Chris, fun to see you using the narrative grammar to analyze some sequences with my theory! I enjoyed your previous post on page layouts quite a bit, as it interfaces with a lot of work we’ve done recently. I’d like to respond to a few things in your post if you don’t mind…
I used the grammar to discuss strips, just because they are easier to show the structures because they are shorter. My recent paper uses mostly examples extracted from longer books, and discusses more complex structures of the narrative grammar:
http://www.thevisuallinguist.com/2015/10/new-paper-narrative-conjunctions.html
I use linear layouts just because they are easier to put tree structures on top of. Actually, they don’t require linear sequences at all. The narrative structure is separate from the page layout, which means that single narrative grammatical structures can cross pages, as you discuss. The page layouts follow a different structure (in the book in Chapter 5), which interfaces with the narrative. This linkage is discussed in this article:
http://journal.frontiersin.org/article/10.3389/fpsyg.2014.00680/full
The terms you discuss are interesting additions for describing things, and are in line with a lot of what we’ve considered (which is nice!). In some of the cases, it sounds like you’re labeling surface aspects of where a bigger hierarchy connects things together (like the overlapping or interrupted sentences). Finally, you might also be interested in my recent “tutorial” for applying the narrative grammar:
http://www.thevisuallinguist.com/2015/11/how-to-analyze-comics-with-narrative.html
Interested to see where you keep going with this column!
Thanks so much, Neil! I actually have a print-out of your new essay about multimodal narratives on my desk at work right now.

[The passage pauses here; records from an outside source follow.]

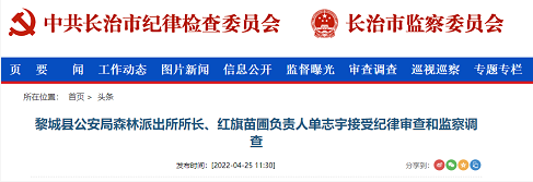 黎城县公安局森林派出所所长、红旗苗圃负责人单志宇,涉嫌严重违纪违法,经长治市纪委监委指定,目前正接受长治市上党区纪委监委纪律审查和监察调查。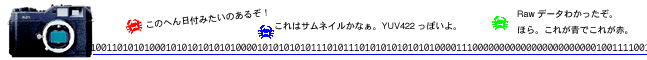 R-D1を注文したその日のうちに、いちおう、だめもとでエプソンさんにR-D1のRaw画像形式を開示してくれるか、問い合わせてみた。 が、結果は、予想していた通りNG。私はいちおう、(本業で)いろんな画像システムを開発することがある関係上、エプソンさんのデベロッパプログラムのメンバーになっているのであるが、それでも非開示ってことなので、よっぽどのことがない限り開示はしてくれないみたいだ(*1)。 仕方がないから自力で解析だ。 まぁよい。なんせ相手はCCD-Rawデータだ。私は自分で言うのもおこがましいが、センサーの信号を扱うことにおいては、ちょっとだけ自信はある(*2)。真っ白な被写体を写した画像と、レンズキャップ閉めたまま最速シャッターで切った画像、赤全面を写した画像、青全面を写した画像の4枚があれば、バイナリエディタで中身をみればすぐにわかるだろう。シャープなレンズできっちり撮れば、マクベス1枚でもわかりそうなもんだが、幸い、テスト撮影だけならいくらでもできる環境なので、解析負荷を下げるべく、解析を容易にするための材料として、上記4枚の画像を用意した。 つうわけで、小一時間で解析完了。 なんでこんなことするのかって? それはあ〜た、R-D1を骨の髄までしゃぶるために、自分で現像ソフトを作るためですってばさ。 いつになるかわからんが、MacOS X 専用の、現像ソフトを作りたい。私は写真はモノクロ志向なので、とことんモノクロにこだわった現像ソフトを作りたい。もちろんカラーもサポートするよ。 お楽しみに。 |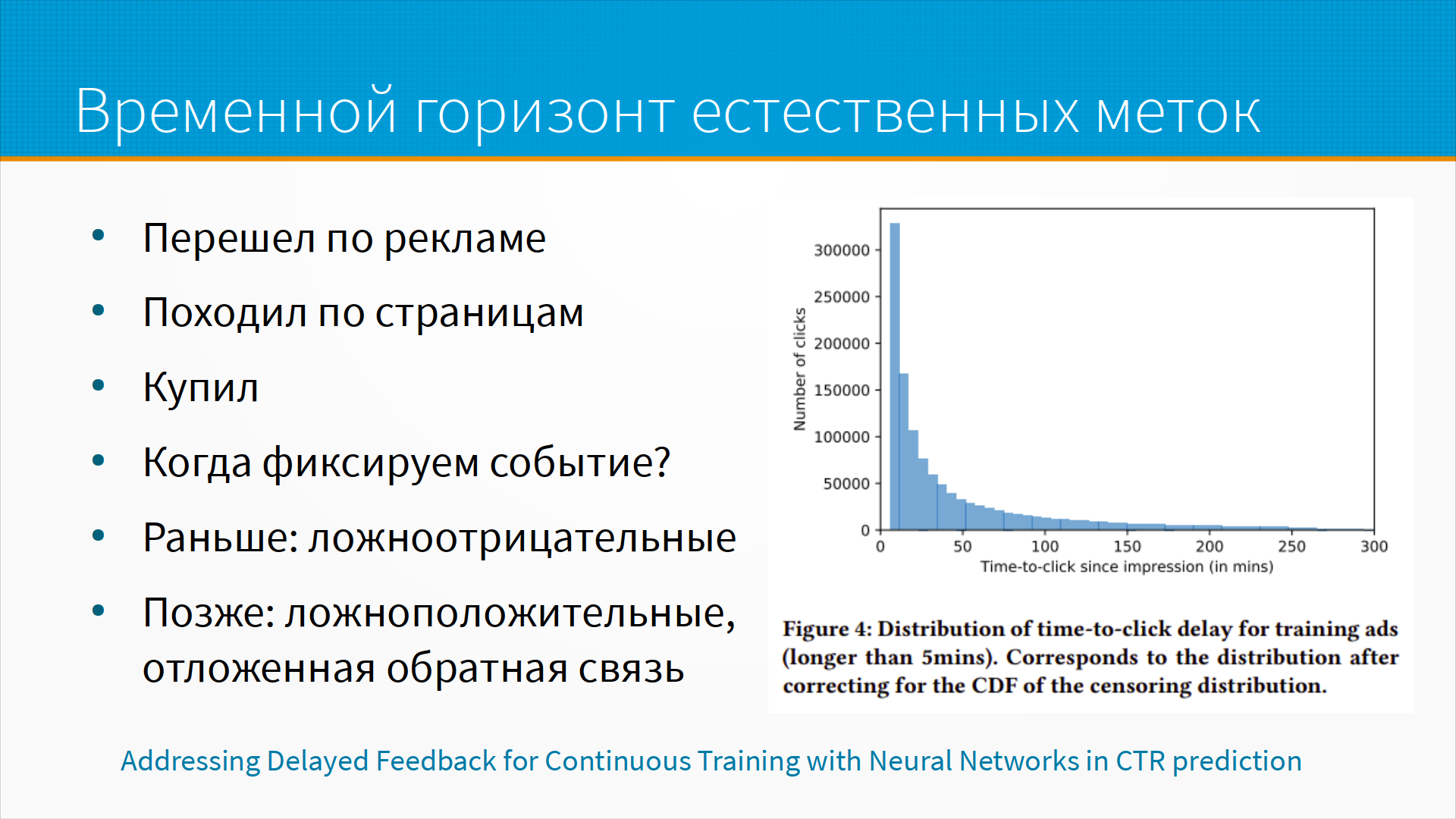 Про временной горизонт естественных меток - там тоже спорный вопрос. Например, человек перешел по рекламе, и мы зафиксировали это как разметку. Да, реклама ему понравилась, она хорошо сработала. Но вот на слайде у нас распределение времени действий пользователя после перехода по рекламе, и мы видим, что значительная часть пользователей в течение одного часа принимает решение о покупке. Но некоторые ждут и пять часов, а в моей практике я наблюдал, когда решения в интернет-магазине, это было видно по логам, принимались на протяжении нескольких месяцев. И в конце концов люди покупали - они просто все это время большую покупку согласовывали со знакомыми, с родственниками, согласовывали со своими бюджетными возможностями.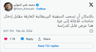 ومنشور الحوثي يشير إلى أن جماعته ستمنع أي محاولات لسحب السفينة، إلا إذا تم تنفيذ شرط إدخال المساعدات إلى غزة.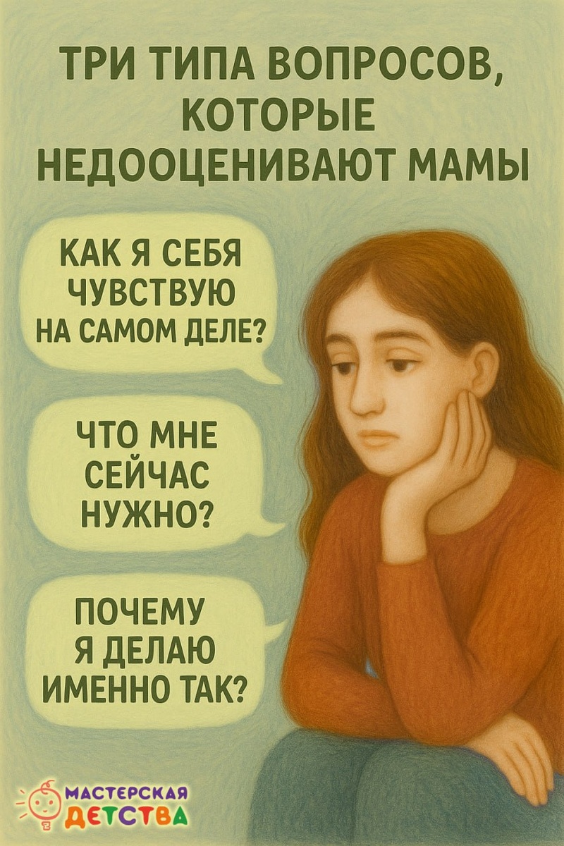 Три типа вопросов, которые чаще всего зря недооценивают мамы Каждый день мама отвечает на десятки детских «почему?», но часто забывает задать главные вопросы себе. Наш новый спецпроект о том, как через честные внутренние диалоги вернуть поддержку, уверенность и спокойствие. 🌿 1. «Как я себя чувствую на самом деле?» Мы так часто живём на автомате, что перестаём замечать усталость, раздражение, грусть. А ведь признание своих эмоций — это первый шаг к восстановлению, а не слабость. 🌷 2. «Что мне сейчас нужно?» Маме тоже нужны ресурсы: тишина, общение, отдых, вдохновение. Когда есть пространство для себя — появляется и сила быть рядом с ребёнком без раздражения. 💛 3. «Почему я делаю именно так?» Иногда мы повторяем сценарии, не замечая этого. Осознанность помогает не просто «воспитывать», а строить живые, настоящие отношения. ✨ Этот спецпроект создан, чтобы помочь мамам говорить с собой с тем же вниманием и теплом, с которым мы учим слушать детей. Пройдите опрос уже сейчас. Подде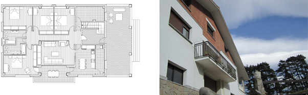 La fachada a la plaza Padre Aguirre con huecos horizontales y con el criterio de favorecer la continuidad con los ya existentes y consolidar el aspecto urbano de la plaza.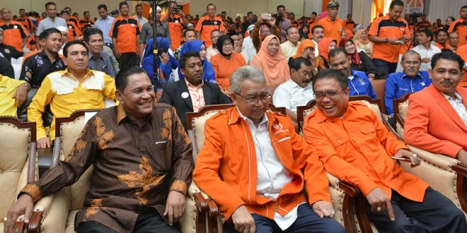 Gubernur Aceh, dr. H. Zaini Abdullah berbincang bersama ketua Dewan Pembina Partai Nasional Aceh (PNA), Irwandi Yusuf disela-sela membuka Kongres I PNA 2017 dengan Tema Berbenah Diri Menuju Partai Kader, Demokrasi dan Modern, diGedung Amel Convention Banda Aceh, Senin. 1-5-2017.

And I was just working on an essay about closure that seems to correspond with your narrative conjunctions. As you’ll see in one of my next posts, I’m dividing McCloud’s closure into four types, including spatial.

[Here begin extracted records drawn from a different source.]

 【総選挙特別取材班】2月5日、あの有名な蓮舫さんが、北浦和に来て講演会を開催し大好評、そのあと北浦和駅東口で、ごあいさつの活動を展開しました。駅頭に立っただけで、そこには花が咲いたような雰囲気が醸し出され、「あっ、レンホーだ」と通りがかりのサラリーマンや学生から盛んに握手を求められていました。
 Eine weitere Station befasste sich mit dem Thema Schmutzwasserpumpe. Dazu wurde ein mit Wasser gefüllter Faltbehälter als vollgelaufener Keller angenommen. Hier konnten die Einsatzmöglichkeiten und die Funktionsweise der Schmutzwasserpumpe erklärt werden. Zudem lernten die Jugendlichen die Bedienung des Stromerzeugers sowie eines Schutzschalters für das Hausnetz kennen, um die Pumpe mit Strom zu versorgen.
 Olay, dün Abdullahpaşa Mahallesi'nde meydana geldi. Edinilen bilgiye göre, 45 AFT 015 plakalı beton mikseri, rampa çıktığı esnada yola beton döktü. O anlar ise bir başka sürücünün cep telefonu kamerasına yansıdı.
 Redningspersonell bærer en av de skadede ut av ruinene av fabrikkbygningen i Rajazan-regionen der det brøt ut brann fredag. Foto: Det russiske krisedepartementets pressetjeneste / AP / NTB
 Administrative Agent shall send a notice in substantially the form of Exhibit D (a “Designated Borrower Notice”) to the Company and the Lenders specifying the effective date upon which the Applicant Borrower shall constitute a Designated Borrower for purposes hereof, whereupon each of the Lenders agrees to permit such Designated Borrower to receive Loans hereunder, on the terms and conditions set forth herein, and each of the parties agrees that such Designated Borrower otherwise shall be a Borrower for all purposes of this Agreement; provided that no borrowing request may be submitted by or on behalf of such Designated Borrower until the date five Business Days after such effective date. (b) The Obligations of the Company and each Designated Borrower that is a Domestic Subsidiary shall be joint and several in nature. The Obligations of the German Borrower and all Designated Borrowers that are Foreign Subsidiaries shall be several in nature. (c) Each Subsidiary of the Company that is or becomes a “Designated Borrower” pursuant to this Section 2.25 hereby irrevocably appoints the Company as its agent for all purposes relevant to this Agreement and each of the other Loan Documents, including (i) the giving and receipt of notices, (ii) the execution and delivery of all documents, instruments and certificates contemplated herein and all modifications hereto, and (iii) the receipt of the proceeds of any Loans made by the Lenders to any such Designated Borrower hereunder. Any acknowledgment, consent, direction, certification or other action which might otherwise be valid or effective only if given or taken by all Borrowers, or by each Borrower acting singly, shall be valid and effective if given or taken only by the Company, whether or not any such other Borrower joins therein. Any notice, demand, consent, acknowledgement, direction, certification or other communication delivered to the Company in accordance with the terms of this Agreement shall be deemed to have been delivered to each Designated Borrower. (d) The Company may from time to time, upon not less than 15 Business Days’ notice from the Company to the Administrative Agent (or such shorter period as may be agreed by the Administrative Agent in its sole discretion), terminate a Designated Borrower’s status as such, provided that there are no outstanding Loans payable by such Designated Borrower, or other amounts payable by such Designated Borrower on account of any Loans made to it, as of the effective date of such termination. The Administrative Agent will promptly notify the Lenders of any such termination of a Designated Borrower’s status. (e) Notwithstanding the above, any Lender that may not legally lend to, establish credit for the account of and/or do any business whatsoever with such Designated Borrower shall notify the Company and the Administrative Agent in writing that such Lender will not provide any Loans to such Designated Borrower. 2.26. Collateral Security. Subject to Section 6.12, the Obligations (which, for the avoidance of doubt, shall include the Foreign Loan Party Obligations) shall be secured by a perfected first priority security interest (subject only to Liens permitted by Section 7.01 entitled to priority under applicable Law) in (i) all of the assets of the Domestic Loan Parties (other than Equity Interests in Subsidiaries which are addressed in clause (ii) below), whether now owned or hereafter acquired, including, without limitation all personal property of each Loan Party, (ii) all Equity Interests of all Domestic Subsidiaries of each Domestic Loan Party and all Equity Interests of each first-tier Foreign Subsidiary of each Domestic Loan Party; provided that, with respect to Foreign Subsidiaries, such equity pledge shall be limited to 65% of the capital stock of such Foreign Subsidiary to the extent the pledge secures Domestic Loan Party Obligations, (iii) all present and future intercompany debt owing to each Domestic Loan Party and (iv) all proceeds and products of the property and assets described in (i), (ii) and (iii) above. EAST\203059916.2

And your “Interfaces between narrative and layout” is exactly the direction I hoped you’d be researching next. I’m glad my suggested terms line-up.
I’d not seen your Peanuts tutorial, which I now plan to use with my “Making Comics” course in the spring. I used the Walking Dead in my post because I was trying to apply your ideas to multi-page works, which it clearly does. I wanted to use Watchmen too, but didn’t want to go on for too long.
I also have an essay coming out in Writers Chronicle on Jennifer Egan’s novel A Visit from the Goon Squad, which I analyze through comics theory, your narrative grammar especially. Basically, she drops the Peak moments into the gutters of her chapter breaks.
Anyway, glad my posts are of interest. Hopefully my students will find them useful too.
I am indeed enjoying your posts, and glad to hear the theory is useful to you! I speculated on using the narrative grammar for discourse too, so great to hear you’ve been able to apply it directly. Please shoot me a note when that essay comes out!
You’ve probably seen that I don’t really “believe in” closure much any more. My OLD book actually divided panel transitions into lots of subcategories, but that eventually morphed in the narrative grammar approach.
Dropping Peaks out of certain sequences is actually a conventionalized thing it seems. I’m going to talk about these in future works, but I have one paper that discusses them here (which also discusses inference): http://www.visuallanguagelab.com/P/NCMK_inference.pdf
Anyhow, looking forward to seeing more of your posts!
Yeah, “inference” is an equivalent but descriptively better term than “closure.” Plus McCloud’s types of transitions don’t always play out clearly. I’m going to suggest types of closure instead, which could as easily be called types of inferences (spatial, etc.). But I guess I’m holding on to closure as a term because it’s still so pervasive. Of course I strike other terms despite their pervasiveness, so I will probably end up on your inference train sooner than later.